I've noticed that the style of kippa seems to be an "identity marker" for the "type" of Jew one is.

For example, it seems yeshivish boys wear only plain black kippot. More "modern" young kids seem to be interested in colors and may wear ones with designs or their name on it. Older men may wear a knit kippah. Conservative / Reform shuls tend to use silk / satin "domed" kippot.

Are there any published an online article or hard-copy book / article, etc. that has studied kippa styles?

If you find something, please post as an answer, rather than a comment.
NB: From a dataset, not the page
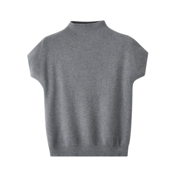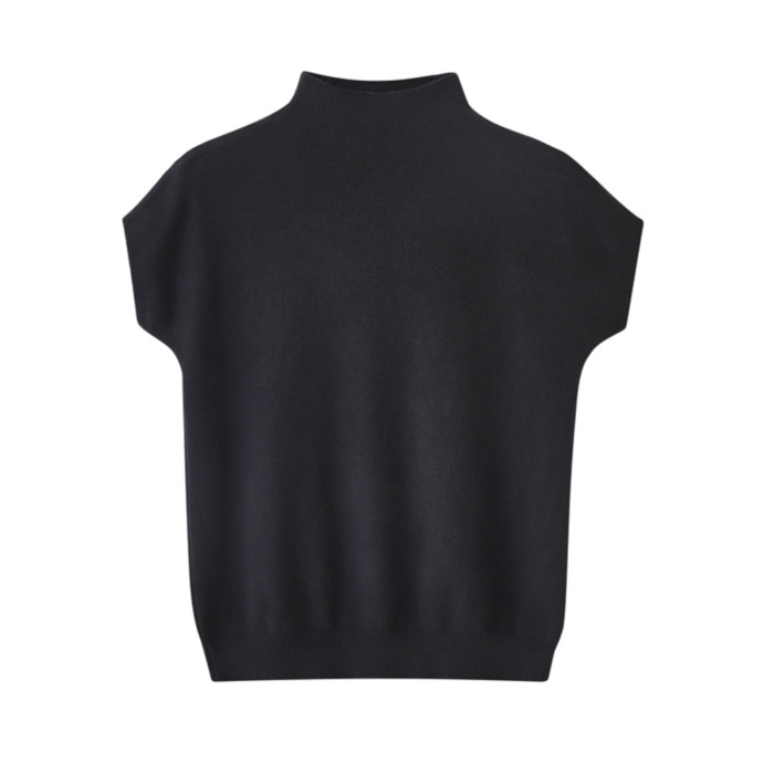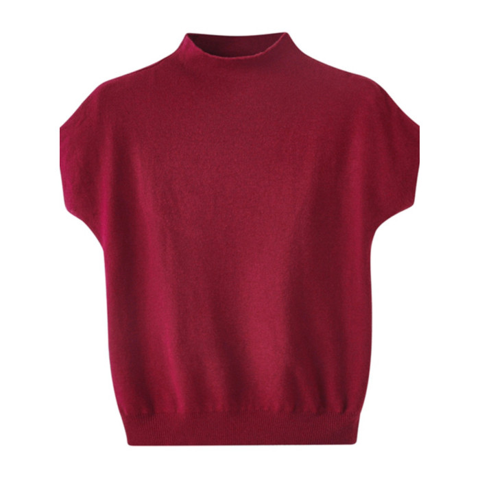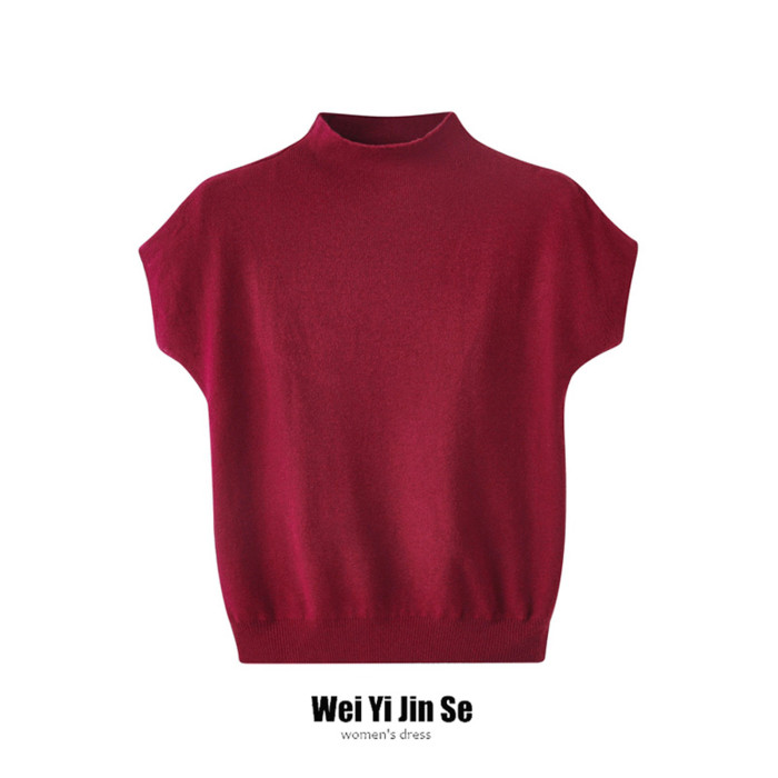 早秋新款女上衣半高領修身針織打底衫短款簡約百搭飛飛袖毛衣內搭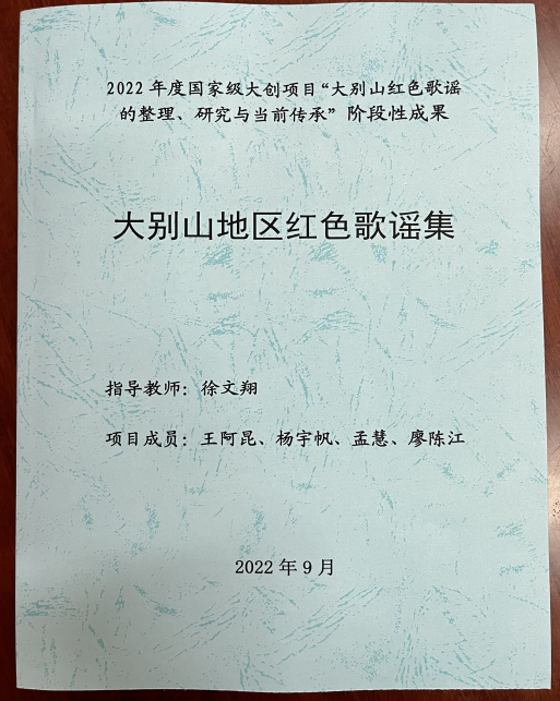 近日,伟德国际1946源于英国2020级汉语言文学专业王阿昆、杨宇帆、孟慧、廖陈江等四名同学在徐文翔老师指导下,整理完成《大别山地区红色歌谣集》。作为2022年度国家级大创项目“大别山红色歌谣的整理、研究与当前传承”的阶段性成果,《大别山地区红色歌谣集》共收录土地革命战争时期到解放战争时期的大别山地区红色歌谣230余首,是目前为止最为完备的同类歌谣辑录。这些红色歌谣体现了大别山地区的革命精神,是大别山红色文化的重要组成部分,对当前大别山红色文化的传承有重要的参考价值。

  • Haven't found any yet, but this is related and super-interesting google.com/patents/US20150181969 Commented Dec 27, 2017 at 16:43
  • I stopped wearing kippot serugot because they're expensive here (at least outside of NYC) and difficult to clean. I now wear a small dark navy velvet (four part) one which goes well with my tallis (which also has navy stripes) Commented Dec 27, 2017 at 19:39
  • I'm not sure this is on topic. It doesn't seem that these relate to different views of propriety. Rather, by all indications, this is sociological; people want to identify with one group or another. Questions of sociology seem like Jews; not Judaism.
    – mevaqesh
    Commented Dec 27, 2017 at 20:43
  • @mevaqesh Wearing a Kippa is an expression of Judaism. Sociology of kippot is sociology of Judaism. Sociology of Judaism, like history of Judaism, is on-topic.
    – Isaac Moses
    Commented Dec 28, 2017 at 14:34

1 Answer 1


You might enjoy the following

  • The Forward has a review of different kippa styles with explanations of who wears what
  • The Pew Research Center has a study on how kippa styles relate to observance in Israel (with a larger data set here)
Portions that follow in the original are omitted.